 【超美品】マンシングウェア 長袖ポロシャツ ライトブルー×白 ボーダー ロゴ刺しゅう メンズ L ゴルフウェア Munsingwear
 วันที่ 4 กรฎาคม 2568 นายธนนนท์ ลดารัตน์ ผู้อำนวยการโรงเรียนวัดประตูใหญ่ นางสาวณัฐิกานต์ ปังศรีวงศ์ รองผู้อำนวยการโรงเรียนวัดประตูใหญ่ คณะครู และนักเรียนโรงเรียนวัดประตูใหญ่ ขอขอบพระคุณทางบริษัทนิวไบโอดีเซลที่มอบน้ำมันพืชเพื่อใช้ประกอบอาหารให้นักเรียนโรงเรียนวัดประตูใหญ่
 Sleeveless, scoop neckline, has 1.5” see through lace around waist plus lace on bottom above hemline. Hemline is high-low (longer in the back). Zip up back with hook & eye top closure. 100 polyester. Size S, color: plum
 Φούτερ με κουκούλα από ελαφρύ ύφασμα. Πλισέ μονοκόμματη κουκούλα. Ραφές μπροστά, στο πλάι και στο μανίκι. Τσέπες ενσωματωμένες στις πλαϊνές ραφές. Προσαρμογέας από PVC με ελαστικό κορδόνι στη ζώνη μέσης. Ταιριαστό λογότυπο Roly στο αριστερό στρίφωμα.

==

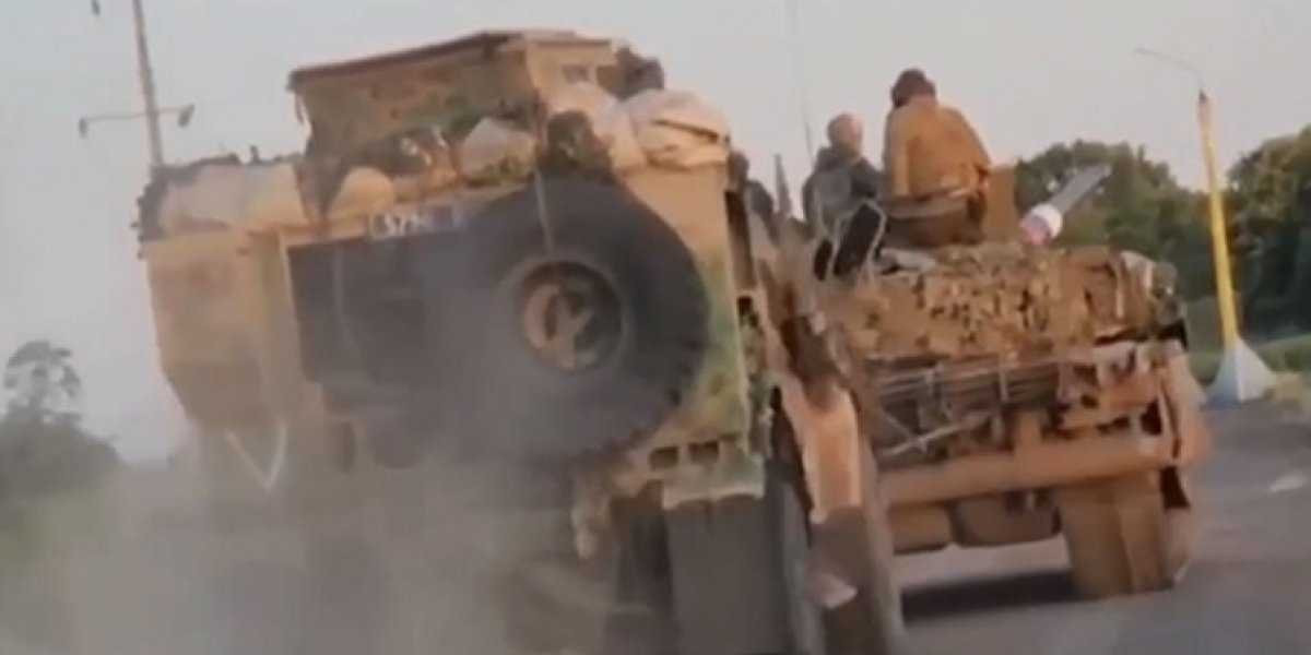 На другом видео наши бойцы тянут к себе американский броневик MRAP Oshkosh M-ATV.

#### [Work request]
Go through the material above and output exactly the lines from the one containing "L ゴルフウェア Munsingwear" through the one containing "Φούτερ με κουκούλα".

#### [Solution to this problem]
 【超美品】マンシングウェア 長袖ポロシャツ ライトブルー×白 ボーダー ロゴ刺しゅう メンズ L ゴルフウェア Munsingwear
 วันที่ 4 กรฎาคม 2568 นายธนนนท์ ลดารัตน์ ผู้อำนวยการโรงเรียนวัดประตูใหญ่ นางสาวณัฐิกานต์ ปังศรีวงศ์ รองผู้อำนวยการโรงเรียนวัดประตูใหญ่ คณะครู และนักเรียนโรงเรียนวัดประตูใหญ่ ขอขอบพระคุณทางบริษัทนิวไบโอดีเซลที่มอบน้ำมันพืชเพื่อใช้ประกอบอาหารให้นักเรียนโรงเรียนวัดประตูใหญ่
 Sleeveless, scoop neckline, has 1.5” see through lace around waist plus lace on bottom above hemline. Hemline is high-low (longer in the back). Zip up back with hook & eye top closure. 100 polyester. Size S, color: plum
 Φούτερ με κουκούλα από ελαφρύ ύφασμα. Πλισέ μονοκόμματη κουκούλα. Ραφές μπροστά, στο πλάι και στο μανίκι. Τσέπες ενσωματωμένες στις πλαϊνές ραφές. Προσαρμογέας από PVC με ελαστικό κορδόνι στη ζώνη μέσης. Ταιριαστό λογότυπο Roly στο αριστερό στρίφωμα.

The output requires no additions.